I strive to keep stuff simple, so in principle I should welcome the idea of reducing the number of components and thereby reduce the chances of having broken components (I really liked the MIT Exokernel work for example). The problem with the scheme presented in this article is that you are throwing out battle hardened layers of security and replacing them with brand spanking new stack of code that has yet to go through that battle-hardening process.
JVMs are very big complicated pieces of code - and they have had more than their fair share of remotely exploitable vulnerabilities, and at the end of the day I see no inherent reason why the folks writing a JVM would be any better at security than say kernel devs.
Also you haven't actually addressed the point that if one JVM is compromised *everything* running on that hypervisor is vulnerable, you merely sidestepped it. I think there is a vanishingly low probability of running just one app on one JVM on these boxes, folks will want to do stuff like deployment and monitoring what the system is up to and that will usually end up being set of services that is installed on each box as part of a standard build.
I don't mind people trying this stuff out, just don't expect everyone to jump into the shark tank with you. :)
ah, I see what your point was now, and it wasn't sidestepped, it was that I don't see this as an issue.
Yes, I would expect people to run multiples of these on the same hypervisor, however, the hypervisor is in charge of protecting itself, and does so. It stops its guests from doing naughty things, whether they are fully fledged multi tasking OS' or something very different, like these app container things.
Eg, You can run your custom OS on AW (which uses Xen), but you wouldn't expect to be able to take over host, no matter what guest OS you run.
I took a look at their website, my interest is piqued by the idea of running C++ binaries. I'll give it a shot (eventually), maybe it'll be another handy widget for the toolbox. Would be fun to try it out on something like a Seamicro style box (suitably firewalled + crew of paranoid sys admin on 24x7 watch natch. :P).
So in principle, this simply means you write applications to use the "IBM PC hardware API" instead of the POSIX API. I guess the intent is to run this under KVM, not actually on the real hardware, so that when one application/JVM fails, it doesn't bring down the whole system.
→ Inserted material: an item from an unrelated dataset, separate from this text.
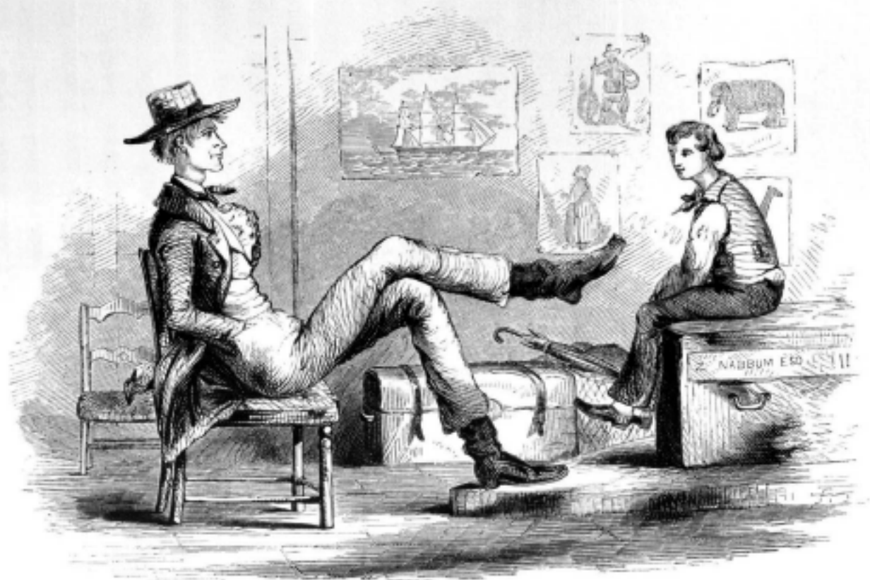
MR. NABBUM HEARS LITTLE JACKET'S STORY.

But what about a network stack? What about local file systems, and remote network filesystems? What about threading? Are these all going to be implemented as Java libraries?
Maybe you pay the price of a context switch when you talk to the kernel, but at least the filesystem and network code you are then using is highly optimised and well tested.
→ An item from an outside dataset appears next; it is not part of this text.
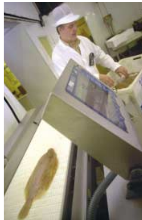
Bluesail Fish Company in Looe have invested in new fish grading machinery with the help of Objective One assistance.

Objective One investment is helping the Bluesail Fish Company in Looe to increase the quality of Cornish fish being offered to wholesale merchants in the UK and abroad.

It sounds to me like you might as well just go the whole hog and write your applications to run under DOS. You get a filesystem of sorts; you can load TCPIP.SYS as a TSR; and you can access up to 4G of RAM with HIMEM.SYS.
Virtualization sucks, because it makes it difficult for an application to get the most out of its underlying infrastructure
Hey, we have a contender for Stupidest Opening Sentence of the Week. "Yeah, those damn VM supervisors and hypervisors, keeping me from using all of the hardware resources. Screw this. I'm rewriting all my back-office apps to run on the bare metal."
As previous commentators noted, there doesn't seem to be much that's technically innovative here. So they're using a hypervisor as a monitor to run the JVM. Sure, there's probably some market for that, but the article is more than a little overblown.
This sounds like all the other library OS'es that have been around for a while. Check out : https://github.com/GaloisInc/HaLVM, http://www.xenproject.org/developers/teams/mirage-os.html and http://erlangonxen.org/ ... with the exception that Java does maybe not lend itself that much to implement a lean library OS.
Would like to know, how this is different.